- Theatrical release poster
- Directed by: Lawrence Doheny
- Screenplay by: Lawrence Doheny Harry Spalding
- Produced by: Howard B. Kreitsek John Pommer
- Starring: Jimmy Clanton Rocky Graziano ZaSu Pitts Diane Jergens Joan Tabor Sid Gould Maurice Gosfield Eileen O'Neill
- Cinematography: Gordon Avil Arthur J. Ornitz
- Edited by: Jack Ruggiero
- Music by: Wilbur Hatch
- Production companies: Clifton Productions Ludlow Productions
- Distributed by: United Artists
- Release date: August 17, 1961;
- Running time: 84 minutes
- Country: United States
- Language: English

= Teenage Millionaire =

1961 film directed by Lawrence Doheny

Teenage Millionaire is a 1961 American comedy film directed by Lawrence Doheny and written by Lawrence Doheny and Harry Spalding.
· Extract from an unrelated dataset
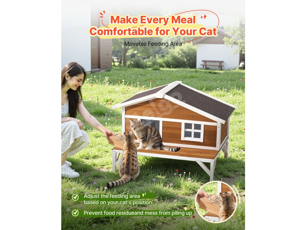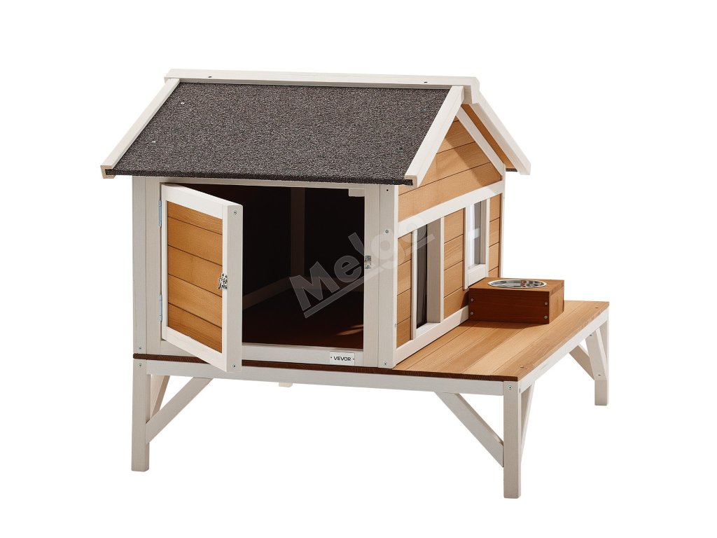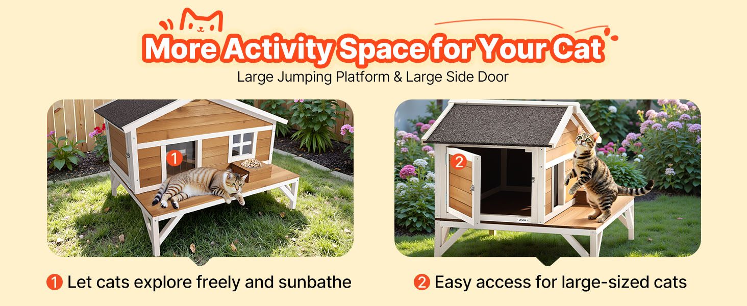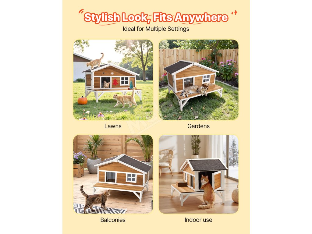 Tento vyvýšený domček pre mačky má veľké bočné dvere, vďaka ktorým je ideálny pre väčšie mačky alebo rodiny s viacerými mačkami. Vyvýšená plošina na skákanie poskytuje mačkám ďalší priestor na šplhanie, skúmanie a vyhrievanie sa na slnku.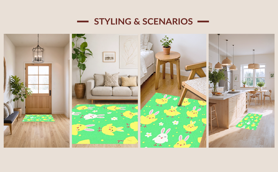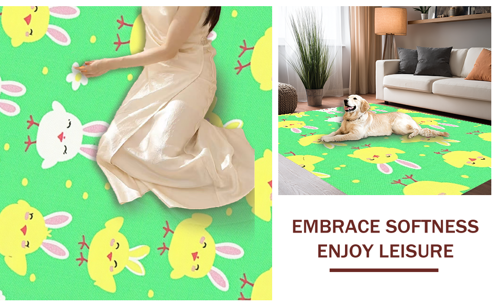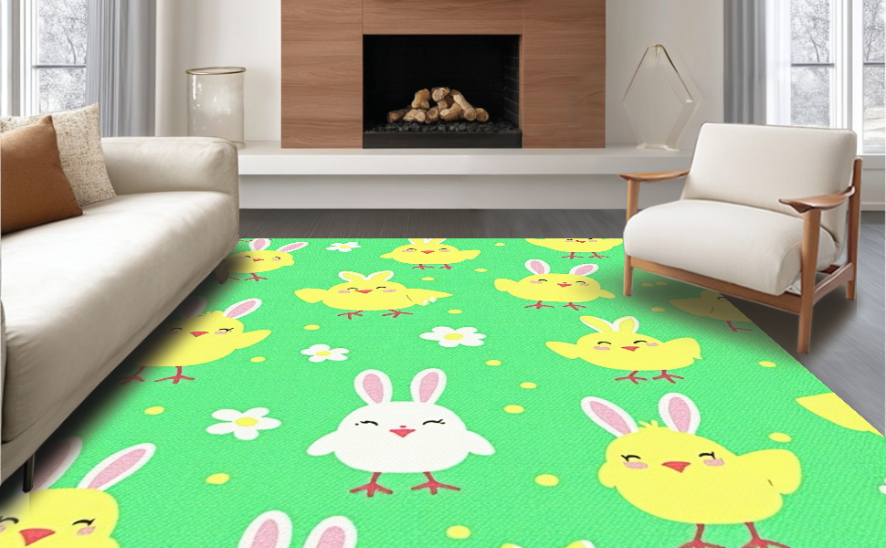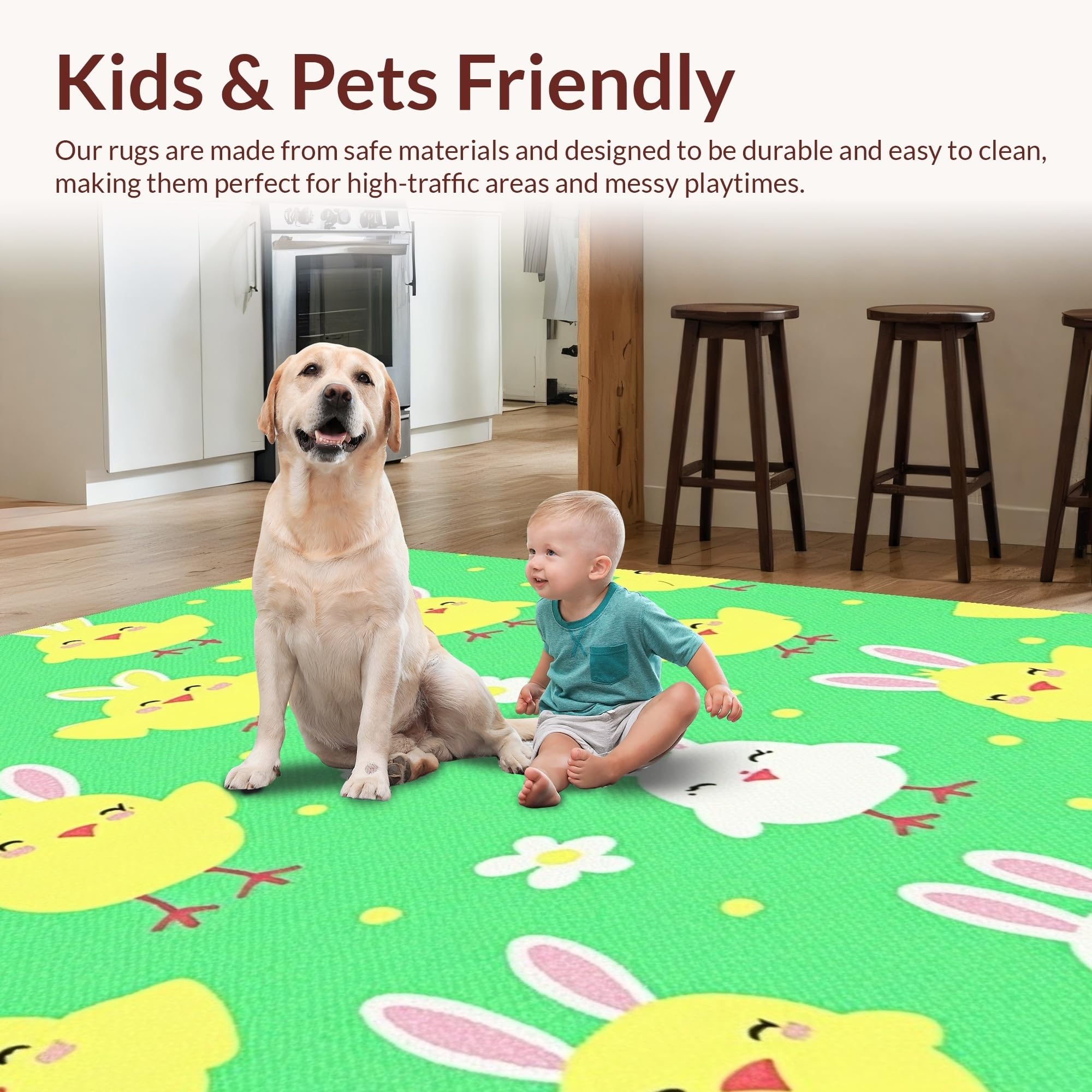 Ultra Soft Area Rug, Non Slip, Stain Resistant, Washable Area Rugs for Living Room, Bedroom, Joyful Bright Color Palette Design(Green) Overview:

The film stars Jimmy Clanton, Rocky Graziano, ZaSu Pitts, Diane Jergens, Valerie Ziegler, Cheyenne Boyer, Gloria ProsserMaurice Gosfield and Eileen O'Neill. The film was released on August 17, 1961, by United Artists.

==Plot==
Bobby Schultz goes to live with his Aunt Theodora and her butler-bodyguard Rocky following the sudden deaths of his parents. At a radio station she owns, Bobby takes a job and meets a girl, Bambi, who circulates a new record on which Bobby is a vocalist.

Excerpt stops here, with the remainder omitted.